Мастером нашего участка был Василий Андреевич Долгушин, совершенно седой, неправдоподобно худой человек лет сорока пяти. Его старики, жена и двое детей погибли в Минске при бомбёжке — все сразу, в одном доме и в одну минуту. Весь круг жизненных интересов Василия Андреевича замкнулся в цехе: здесь он жил, спал в слесарной мастерской, разговаривал только по делу, перечислял почти всю ненужную ему зарплату в фонд обороны и раз в месяц выходил за пределы завода, чтобы подать очередное заявление в райвоенкомат. Начальник цеха поднимал на ноги заводское начальство, и заявление с резолюцией «отказать» подшивали в пухлое личное дело Долгушина. Он скандалил, оскорблял военкома, неделями не разговаривал с начальником цеха, но тот готов был на все, лишь бы удержать мастера, стоившего десятерых. И вот однажды Василий Андреевич исчез. Была поднята на ноги вся милиция, объявлен розыск, сам директор приказал два раза в день докладывать ему о поисках, но Василий Андреевич словно в воду канул — никаких следов. Спустя два с лишним года я встретил ребят из сборочного цеха, и они рассказали мне историю пропавшего без вести мастера. Придя в военкомат для очередной попытки, Василий Андреевич разговорился с одним из призывников, украл у него документы, переправил фамилию, приклеил свою фотокарточку, тут же отправился с колонной на пересыльный пункт и вскоре оказался на фронте. То ли он сам не захотел воевать под чужим именем и признался в подлоге, то ли хитроумный следователь разыскал эту иголку в стоге сена, но Василий Андреевич угодил в штрафную роту, искупил свою вину кровью, за храбрость был награждён орденом, снова ранен и прямо из госпиталя в сопровождении начальника цеха прибыл на завод, где и проработал до конца войны. Такова судьба самого необыкновенного «преступника», которого я встречал в своей жизни.

Впрочем, в войну мы привыкли, что ничем не примечательные люди, мимо которых проходишь не взглянув, потрясают своими поступками. Вместе с нами на монтаже работала Верка Тихонина, девчонка лет шестнадцати, только что из ремесленного училища. Таких девчонок в цехе были десятки, худых, не успевших сформироваться подростков, мечтавших о танцах после работы, ордере на отрез ситца и о победе. Но Верку я запомнил. Однажды мы заметили, что она обедает без хлеба, потом это вновь бросилось в глаза и вновь. «Продала, на туфли собираю», — заявила Верка, с гордым фырканьем отказавшаяся от наших горбушек. Выдал Верку почерк. В обед она писала письмо брату на фронт, и на её каракули случайно взглянул слесарь Миронов из нашей бригады. Он вытащил из кармана смятый конверт, который не раз нам показывал, сравнил каракули и, расстроенный, взволнованный, развёл руками. «Эх ты, глупышка, что же мне с тобою делать?..» У Миронова в начале месяца украли хлебные карточки на всю семью, и Верка анонимным письмом послала ему свою. Больше трех недель она жила без хлеба — каждый, кто прошёл войну, знает, что это такое.
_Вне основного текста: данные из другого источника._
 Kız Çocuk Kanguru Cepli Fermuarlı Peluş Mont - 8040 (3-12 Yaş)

И ещё я запомнил Клавдию Антоновну, маленькую и сухонькую старушку уборщицу, которую в цехе прозвали «инспектором», потому что она никому не давала даже минутку посидеть сложа руки. Самые отпетые сачки и те боялись презрительного взгляда Клавдии Антоновны куда больше, чем выговора от начальства. «Им на фронте тяжелее», — было любимое её присловье. Единственный сын Клавдии Антоновны был на передовой, и старушка свято верила, что, если будет на работе доводить себя до изнеможения, её Ванечка вернётся живой. Всю смену она не разгибала спины, подбирала самые завалящие болтики, стирала ветошь, подметала и мыла бетонные полы, протирала окна, пришивала пуговицы, чинила фуфайки холостякам и тихо крестила самолёты, когда их вывозили из цеха.

МЫ РАЗМАТЫВАЕМ КЛУБОК

Закончив производственную практику на заводе, мы приступили к занятиям в техникуме. После сборочного цеха, где мы делали своё небольшое дело и чувствовали себя людьми, учиться было скучно и неинтересно, на занятия мы почти не ходили.
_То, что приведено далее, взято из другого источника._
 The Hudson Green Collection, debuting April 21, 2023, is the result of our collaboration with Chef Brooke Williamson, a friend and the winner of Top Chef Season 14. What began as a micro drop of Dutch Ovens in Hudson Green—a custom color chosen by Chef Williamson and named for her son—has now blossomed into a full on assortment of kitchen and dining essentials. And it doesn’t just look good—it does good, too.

Раз в неделю, прихватив с собой леденцы и сэкономленные продукты, я отправлялся за двадцать километров в заводской детсад, где подрастал младший братишка, бледная кроха, не помнившая, что такое семья. В редкий свой выходной к нему приезжала мама, но я предпочитал навещать братишку один, так как совершенно не выносил женских слез. Братишка, как волчонок, набрасывался на сумку, без разбора съедал все лакомства, спрашивал, когда мы заберём его домой и, повзрослевшее, все понимающее четырехлетнее существо, молча со мной прощался, без лишних слов и скандалов. Я успокаивал маму тем, что её младшенькому досталась не худшая доля, он жив и часто бывает почти сыт.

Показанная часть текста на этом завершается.